TASK TO CARRY OUT: From the line with "Elementem ozdobnym turbanu" through the last line of the records below, both ends included, transcribe only those lines, exactly, and omit the pictures.

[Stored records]
+++
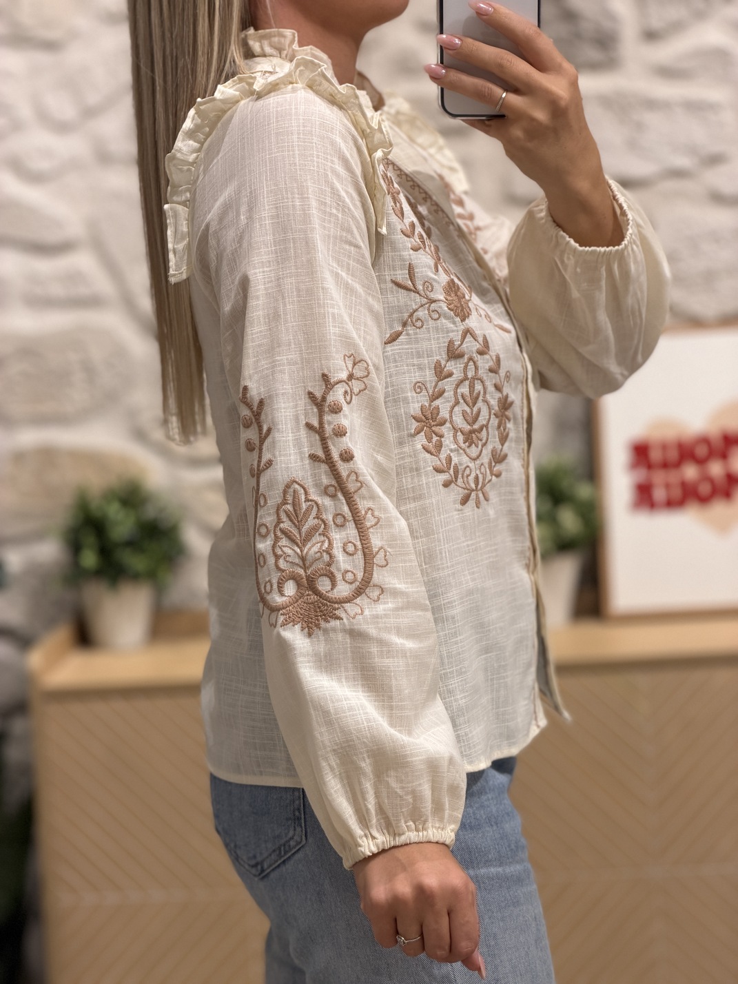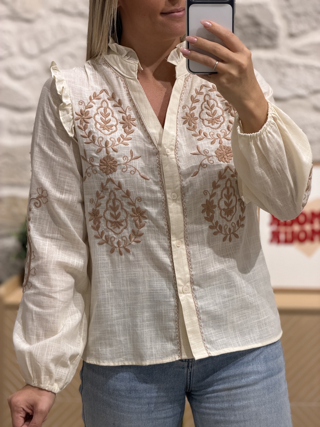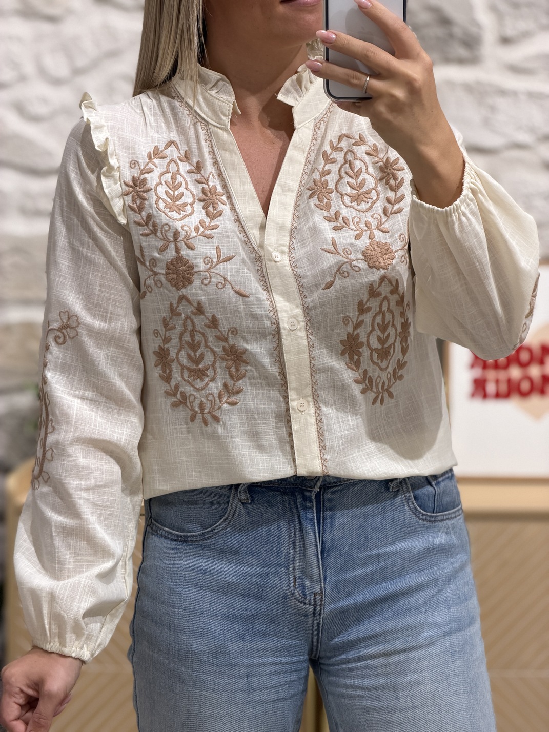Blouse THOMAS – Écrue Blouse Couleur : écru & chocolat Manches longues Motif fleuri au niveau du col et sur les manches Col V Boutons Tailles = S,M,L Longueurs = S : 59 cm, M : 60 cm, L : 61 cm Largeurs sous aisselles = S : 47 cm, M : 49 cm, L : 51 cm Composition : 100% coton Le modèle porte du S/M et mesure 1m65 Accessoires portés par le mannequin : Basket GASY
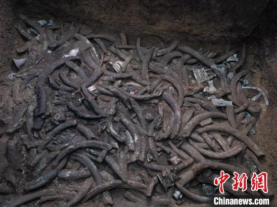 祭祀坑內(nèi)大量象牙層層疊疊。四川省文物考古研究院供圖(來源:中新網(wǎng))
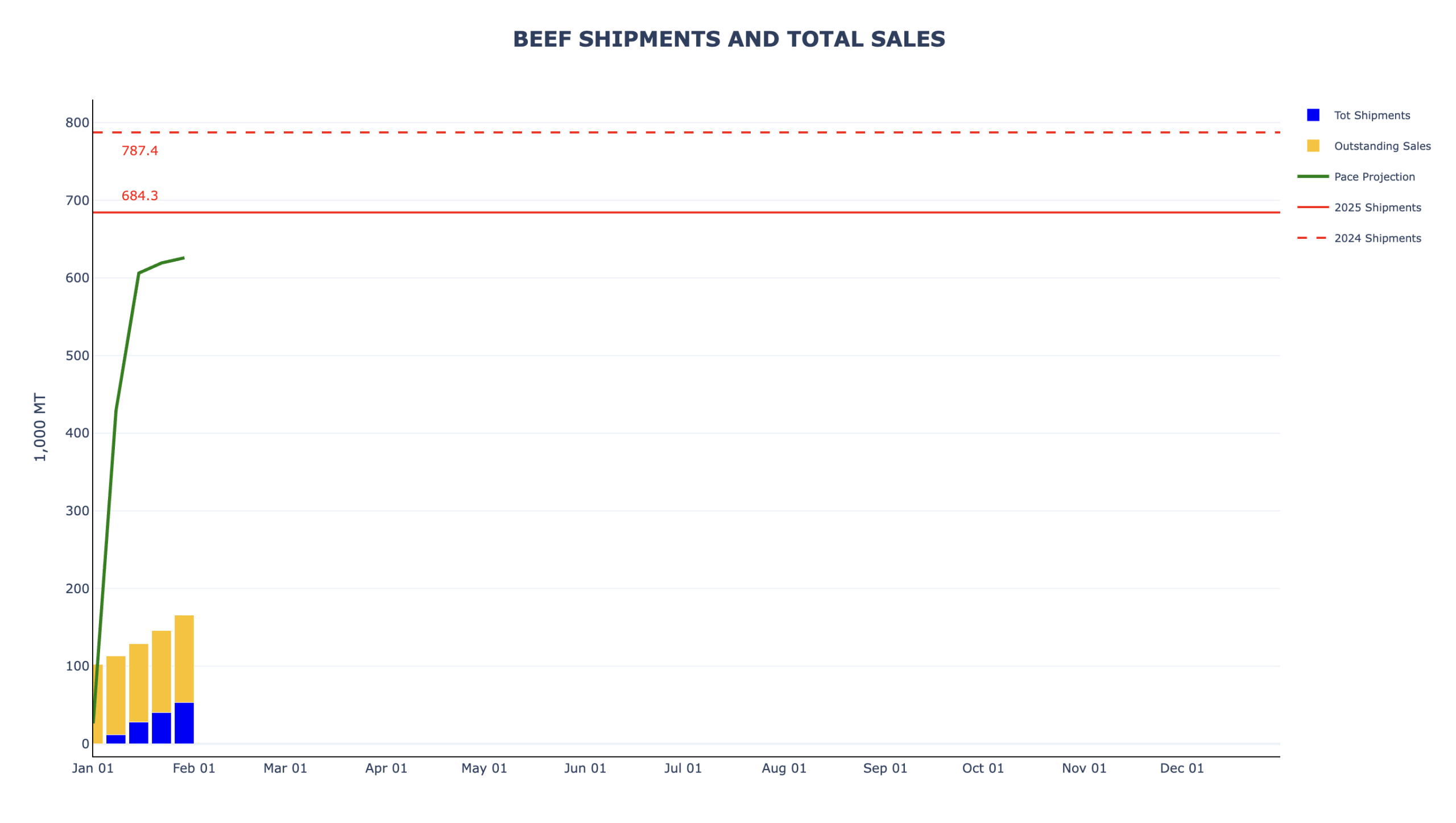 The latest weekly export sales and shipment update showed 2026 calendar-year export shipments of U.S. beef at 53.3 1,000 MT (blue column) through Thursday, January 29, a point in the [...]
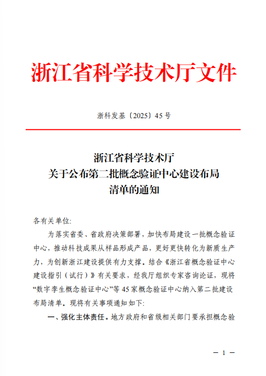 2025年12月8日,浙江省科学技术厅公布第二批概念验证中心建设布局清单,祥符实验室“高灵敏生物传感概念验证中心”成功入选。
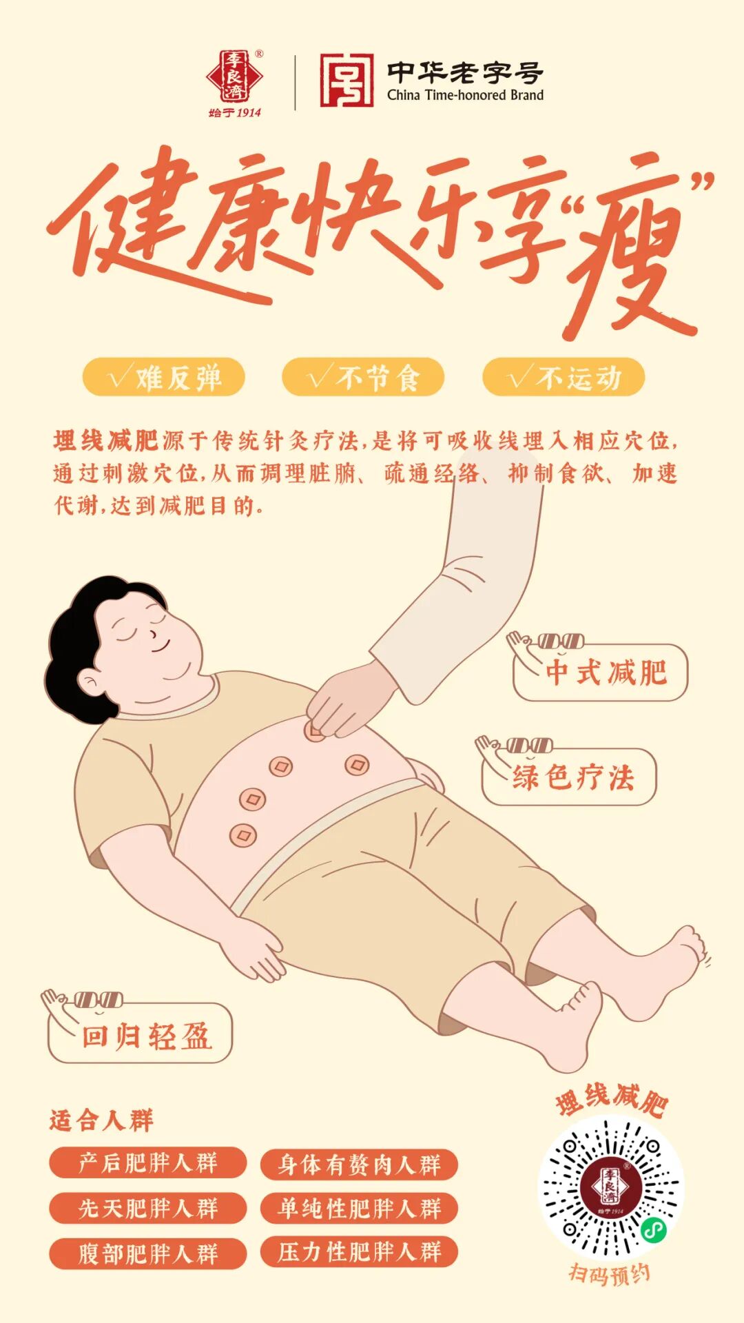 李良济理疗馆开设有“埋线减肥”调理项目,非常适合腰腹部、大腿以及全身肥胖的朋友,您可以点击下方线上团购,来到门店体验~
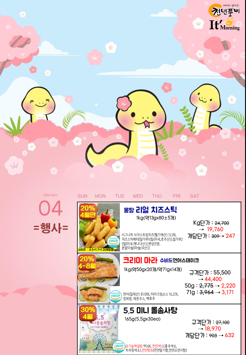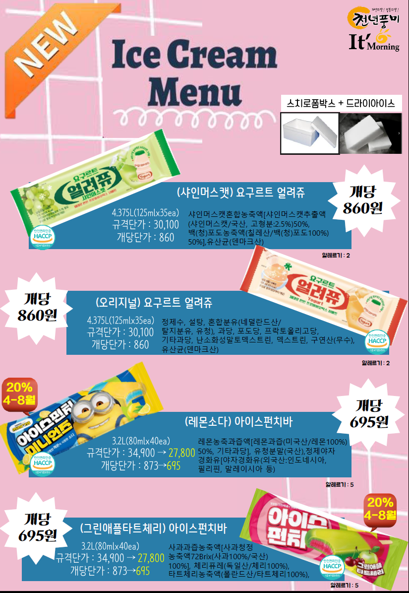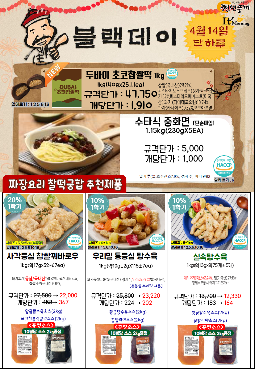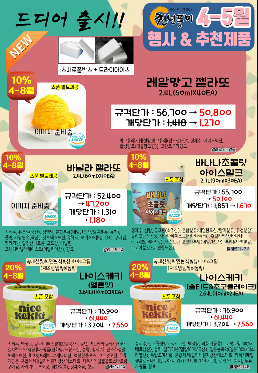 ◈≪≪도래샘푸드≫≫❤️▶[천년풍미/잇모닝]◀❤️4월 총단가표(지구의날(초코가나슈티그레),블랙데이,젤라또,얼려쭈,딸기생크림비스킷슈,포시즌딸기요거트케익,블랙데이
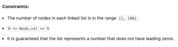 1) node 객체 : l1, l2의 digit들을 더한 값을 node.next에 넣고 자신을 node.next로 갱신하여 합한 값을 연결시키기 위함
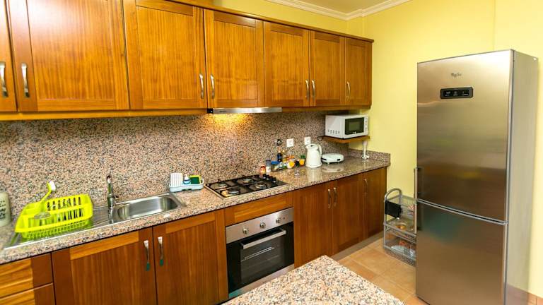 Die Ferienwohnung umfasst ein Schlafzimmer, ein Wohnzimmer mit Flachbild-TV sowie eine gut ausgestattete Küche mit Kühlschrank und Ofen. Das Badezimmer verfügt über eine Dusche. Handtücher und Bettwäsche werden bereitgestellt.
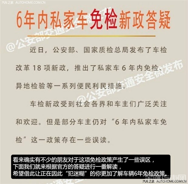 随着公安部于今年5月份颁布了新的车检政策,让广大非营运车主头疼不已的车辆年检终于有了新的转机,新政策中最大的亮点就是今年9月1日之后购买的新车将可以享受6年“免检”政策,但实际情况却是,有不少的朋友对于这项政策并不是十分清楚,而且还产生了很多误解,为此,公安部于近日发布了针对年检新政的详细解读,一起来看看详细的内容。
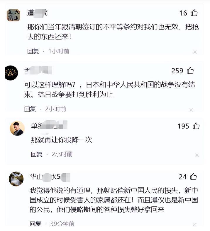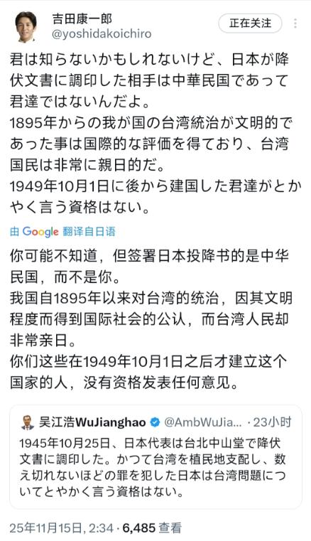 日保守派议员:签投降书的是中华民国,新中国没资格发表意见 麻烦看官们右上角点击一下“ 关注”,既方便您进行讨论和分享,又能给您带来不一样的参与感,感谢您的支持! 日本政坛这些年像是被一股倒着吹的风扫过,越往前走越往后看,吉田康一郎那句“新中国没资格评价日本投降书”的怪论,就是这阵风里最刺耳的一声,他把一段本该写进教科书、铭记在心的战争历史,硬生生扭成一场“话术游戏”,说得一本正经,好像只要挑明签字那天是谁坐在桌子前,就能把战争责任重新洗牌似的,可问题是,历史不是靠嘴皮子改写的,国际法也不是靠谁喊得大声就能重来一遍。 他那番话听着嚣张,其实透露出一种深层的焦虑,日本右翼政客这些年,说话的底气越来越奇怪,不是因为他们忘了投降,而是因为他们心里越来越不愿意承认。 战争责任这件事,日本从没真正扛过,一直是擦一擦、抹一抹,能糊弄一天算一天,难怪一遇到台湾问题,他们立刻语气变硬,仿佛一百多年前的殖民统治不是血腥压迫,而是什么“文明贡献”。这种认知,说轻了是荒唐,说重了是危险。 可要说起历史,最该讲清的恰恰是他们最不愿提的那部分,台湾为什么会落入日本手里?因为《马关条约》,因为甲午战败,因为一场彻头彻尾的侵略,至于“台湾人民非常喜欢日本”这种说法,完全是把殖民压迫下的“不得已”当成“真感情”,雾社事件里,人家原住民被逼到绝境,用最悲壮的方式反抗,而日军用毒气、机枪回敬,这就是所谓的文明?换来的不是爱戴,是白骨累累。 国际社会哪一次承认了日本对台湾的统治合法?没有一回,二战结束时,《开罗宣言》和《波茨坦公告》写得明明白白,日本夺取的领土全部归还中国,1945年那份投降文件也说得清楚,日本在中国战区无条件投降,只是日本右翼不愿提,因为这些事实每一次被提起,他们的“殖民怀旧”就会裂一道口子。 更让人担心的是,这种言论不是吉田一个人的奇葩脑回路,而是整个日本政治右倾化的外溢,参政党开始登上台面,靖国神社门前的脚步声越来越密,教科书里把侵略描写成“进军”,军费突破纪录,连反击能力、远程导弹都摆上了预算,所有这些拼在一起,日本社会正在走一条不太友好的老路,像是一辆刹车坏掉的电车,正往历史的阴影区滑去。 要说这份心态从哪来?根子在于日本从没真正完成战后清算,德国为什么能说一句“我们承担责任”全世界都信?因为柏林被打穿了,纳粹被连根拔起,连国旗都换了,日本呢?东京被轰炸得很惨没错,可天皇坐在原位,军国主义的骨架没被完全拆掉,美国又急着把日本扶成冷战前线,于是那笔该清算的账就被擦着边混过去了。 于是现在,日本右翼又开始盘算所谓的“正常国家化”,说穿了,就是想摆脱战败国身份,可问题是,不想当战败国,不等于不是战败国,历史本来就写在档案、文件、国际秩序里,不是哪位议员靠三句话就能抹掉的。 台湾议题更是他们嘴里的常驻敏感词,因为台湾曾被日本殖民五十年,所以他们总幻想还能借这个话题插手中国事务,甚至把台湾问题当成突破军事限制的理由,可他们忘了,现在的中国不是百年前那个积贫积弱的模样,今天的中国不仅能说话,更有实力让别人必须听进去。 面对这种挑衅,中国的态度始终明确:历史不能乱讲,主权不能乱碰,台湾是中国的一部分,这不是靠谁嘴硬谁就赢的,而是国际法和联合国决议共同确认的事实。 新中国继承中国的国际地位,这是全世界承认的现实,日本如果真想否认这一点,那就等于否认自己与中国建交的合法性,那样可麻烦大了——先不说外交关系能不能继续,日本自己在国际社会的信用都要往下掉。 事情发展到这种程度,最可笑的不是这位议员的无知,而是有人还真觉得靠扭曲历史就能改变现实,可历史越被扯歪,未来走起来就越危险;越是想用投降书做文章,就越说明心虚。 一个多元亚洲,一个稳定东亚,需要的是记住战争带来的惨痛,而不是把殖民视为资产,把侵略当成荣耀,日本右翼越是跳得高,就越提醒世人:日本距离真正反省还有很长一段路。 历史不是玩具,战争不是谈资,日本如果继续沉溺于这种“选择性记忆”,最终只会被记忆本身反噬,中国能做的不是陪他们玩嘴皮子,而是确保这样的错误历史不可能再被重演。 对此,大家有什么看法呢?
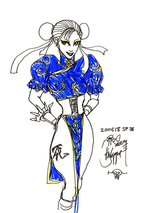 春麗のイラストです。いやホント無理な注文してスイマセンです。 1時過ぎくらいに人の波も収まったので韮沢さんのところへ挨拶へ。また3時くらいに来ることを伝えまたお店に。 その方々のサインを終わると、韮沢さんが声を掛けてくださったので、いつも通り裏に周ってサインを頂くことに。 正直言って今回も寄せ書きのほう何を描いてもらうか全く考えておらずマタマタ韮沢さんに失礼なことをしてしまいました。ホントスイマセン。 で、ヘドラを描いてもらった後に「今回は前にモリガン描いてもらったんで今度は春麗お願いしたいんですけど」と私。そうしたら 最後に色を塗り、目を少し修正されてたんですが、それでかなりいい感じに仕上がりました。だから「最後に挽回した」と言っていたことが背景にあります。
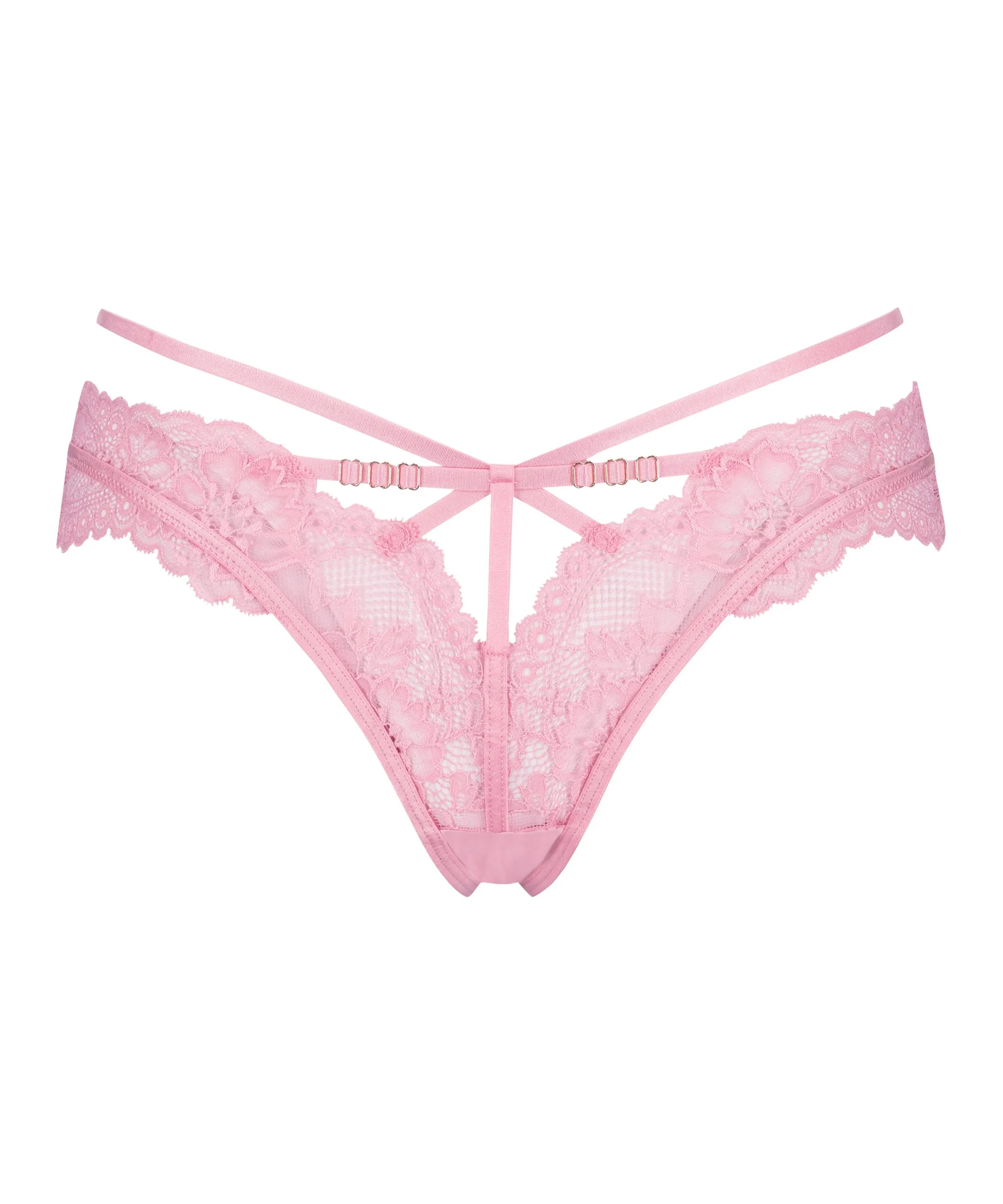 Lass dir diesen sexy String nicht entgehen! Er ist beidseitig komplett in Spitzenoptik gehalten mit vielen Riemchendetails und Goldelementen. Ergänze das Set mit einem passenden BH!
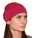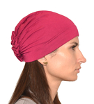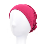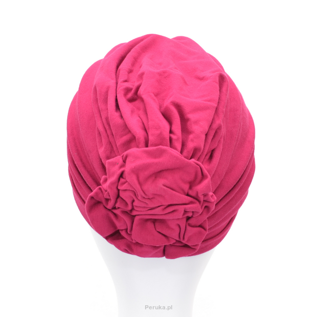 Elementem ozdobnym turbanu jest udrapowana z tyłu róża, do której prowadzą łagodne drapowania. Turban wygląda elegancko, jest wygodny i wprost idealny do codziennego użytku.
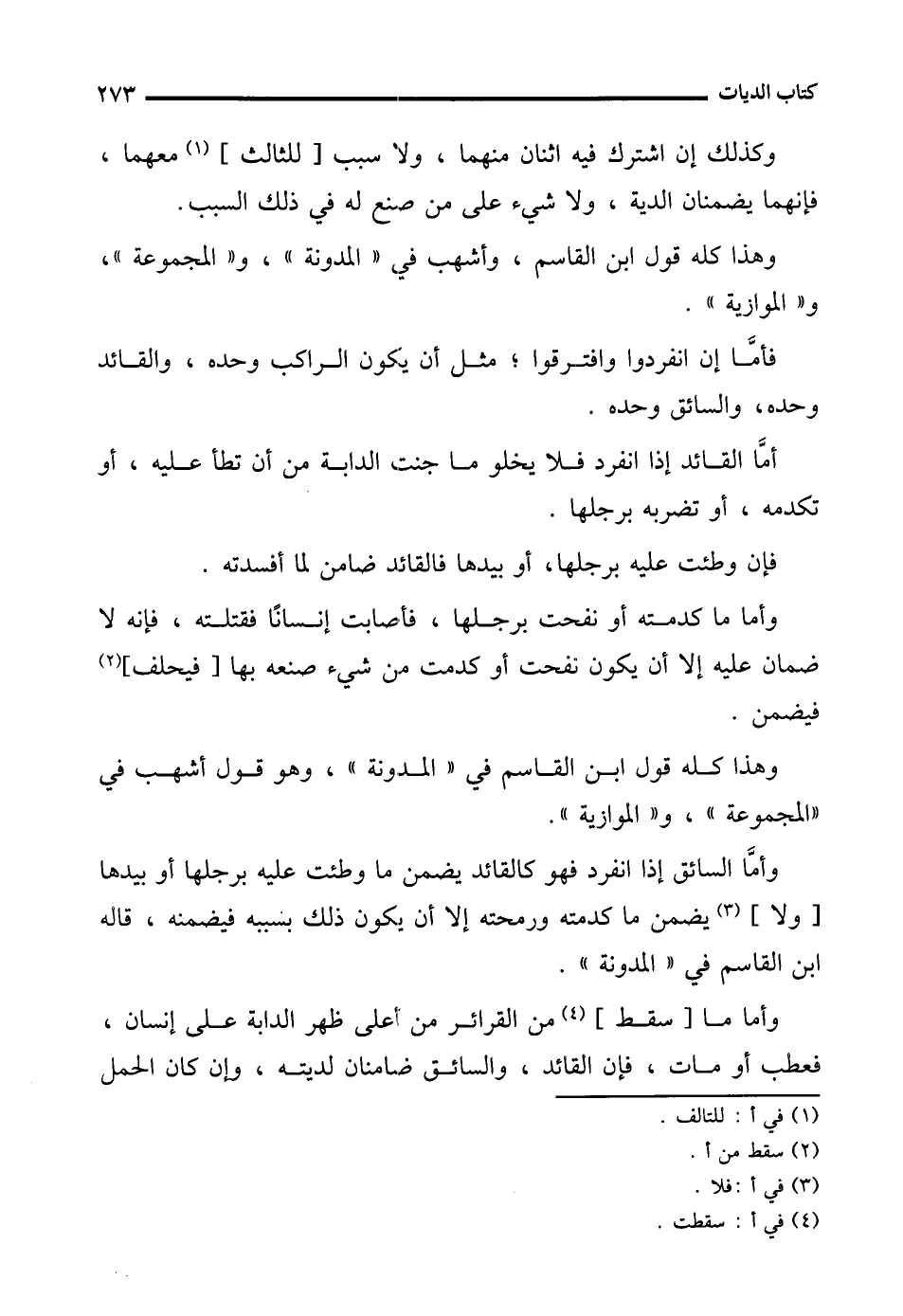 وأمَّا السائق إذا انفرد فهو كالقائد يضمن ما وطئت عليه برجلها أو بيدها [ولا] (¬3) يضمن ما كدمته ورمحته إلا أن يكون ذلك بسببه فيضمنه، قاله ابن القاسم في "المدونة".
+++
ANSWER TO THE EXERCISE:
 Elementem ozdobnym turbanu jest udrapowana z tyłu róża, do której prowadzą łagodne drapowania. Turban wygląda elegancko, jest wygodny i wprost idealny do codziennego użytku.
 وأمَّا السائق إذا انفرد فهو كالقائد يضمن ما وطئت عليه برجلها أو بيدها [ولا] (¬3) يضمن ما كدمته ورمحته إلا أن يكون ذلك بسببه فيضمنه، قاله ابن القاسم في "المدونة".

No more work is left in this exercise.